Large text-to-image models achieved a remarkable leap in the evolution of AI, enabling high-quality and diverse synthesis of images from a given text prompt. However, these models lack the ability to mimic the appearance of subjects in a given reference set and synthesize novel renditions of them in different contexts. In this work, we present a new approach for "personalization" of text-to-image diffusion models. Given as input just a few images of a subject, we fine-tune a pretrained text-to-image model such that it learns to bind a unique identifier with that specific subject. Once the subject is embedded in the output domain of the model, the unique identifier can be used to synthesize novel photorealistic images of the subject contextualized in different scenes. By leveraging the semantic prior embedded in the model with a new autogenous class-specific prior preservation loss, our technique enables synthesizing the subject in diverse scenes, poses, views and lighting conditions that do not appear in the reference images. We apply our technique to several previously-unassailable tasks, including subject recontextualization, text-guided view synthesis, and artistic rendering, all while preserving the subject's key features. We also provide a new dataset and evaluation protocol for this new task of subject-driven generation. Project page: https://dreambooth.github.io/
The paper introduces a method to personalize text-to-image diffusion models for generating realistic images of a specific subject in various scenes.

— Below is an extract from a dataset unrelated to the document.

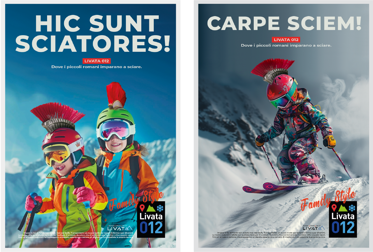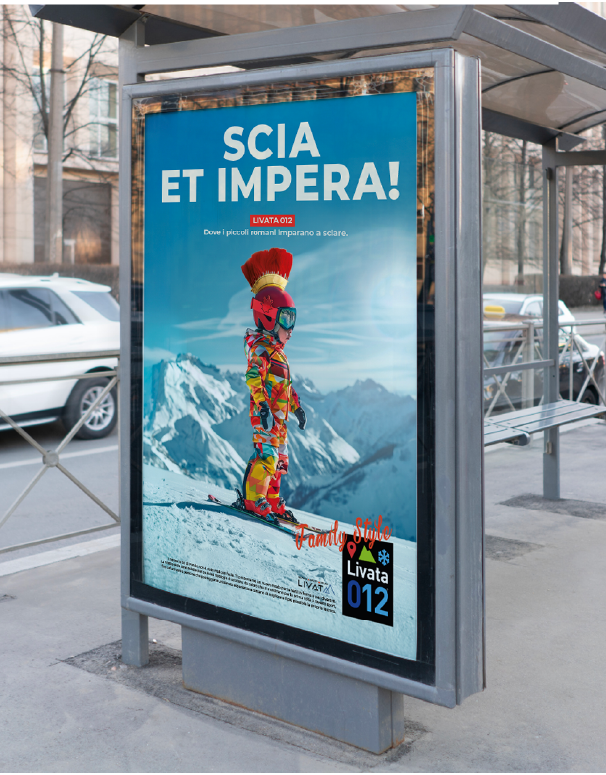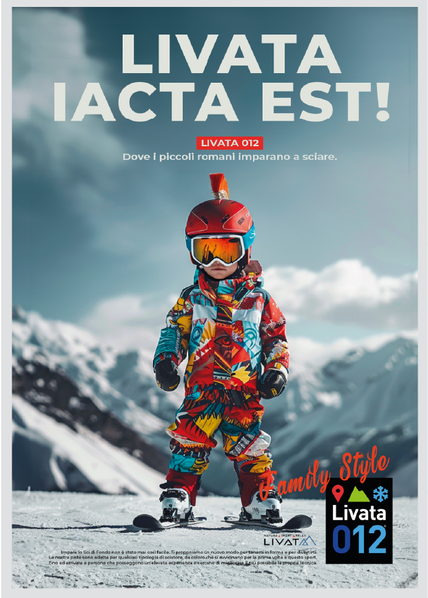 Livata è una storica località sciistica a pochi chilometri da Roma, dimenticata negli anni e oggi oggetto di un progetto di rilancio rivolto a un nuovo pubblico. Abbiamo ripensato da zero il posizionamento della località, puntando su ciò che la rende unica: la vicinanza alla capitale, l’ambiente sicuro e l’atmosfera familiare. Da qui nasce Livata 012: un naming evocativo e semplice, pensato per attrarre famiglie e bambini. Abbiamo progettato logo, identità visiva e una campagna multisoggetto che unisce ironia e impatto: bambini in tuta da sci con pennacchi da antichi romani e headline volutamente “maccheroniche” fanno da protagonisti a un racconto visivo colorato, leggero e iconico.

The ability to generate realistic images from text prompts has seen remarkable progress with the advent of large text-to-image models. Despite their success, a significant limitation of these models is their inability to accurately preserve the appearance of specific subjects across different contexts. The work presented addresses this gap by introducing a novel approach to personalize text-to-image diffusion models, allowing for the generation of photorealistic images of a particular subject in a variety of scenes, poses, and lighting conditions.
At the core of the proposed method is the fine-tuning of a pre-trained text-to-image diffusion model with a small number of images of a specific subject. The process involves embedding the subject into the model's output domain, making it possible to generate novel images of the subject using a unique identifier. Key to this method is a novel loss function, termed autogenous class-specific prior preservation loss, which leverages the semantic prior embedded within the model. This approach ensures that the fine-tuned model can generate diverse renditions of the subject without deviating significantly from its original appearance or the characteristics of its class.
The implementation involves three key steps:
The researchers conducted extensive experiments to showcase the versatility of the technique, demonstrating its applicability in recontextualizing subjects, modifying their properties, and generating artistic renditions. Notably, the method proved capable of preserving the unique features of subjects across all generated images. Evaluation metrics, including a newly proposed DINO metric optimized for subject fidelity, highlighted the method's efficacy in maintaining subject and prompt fidelity.
Comparisons with concurrent work reveal the superior capability of the presented method in both preserving subject identity and adhering to prompts. Notably, the approach outperformed existing methods, including Textual Inversion, across several fidelity metrics.
The paper discusses several limitations, including challenges in specific contexts where model performance may degrade due to weak priors or difficulty in accurately generating the intended environment. Despite these limitations, the work represents a significant step forward in personalized image generation.
The research opens up exciting avenues for future work, including potential applications in generating personalized content and exploring new forms of artistic expression. Additionally, the methodology lays the groundwork for further exploration into the fine-tuning of generative models for personalized applications.
This work presents a groundbreaking approach to personalizing text-to-image diffusion models, enabling the generation of highly realistic and contextually varied images of specific subjects. Through careful fine-tuning and innovative loss functions, the method achieves remarkable success in preserving subject identity across a wide range of generated images, marking a significant advancement in the field of generative AI.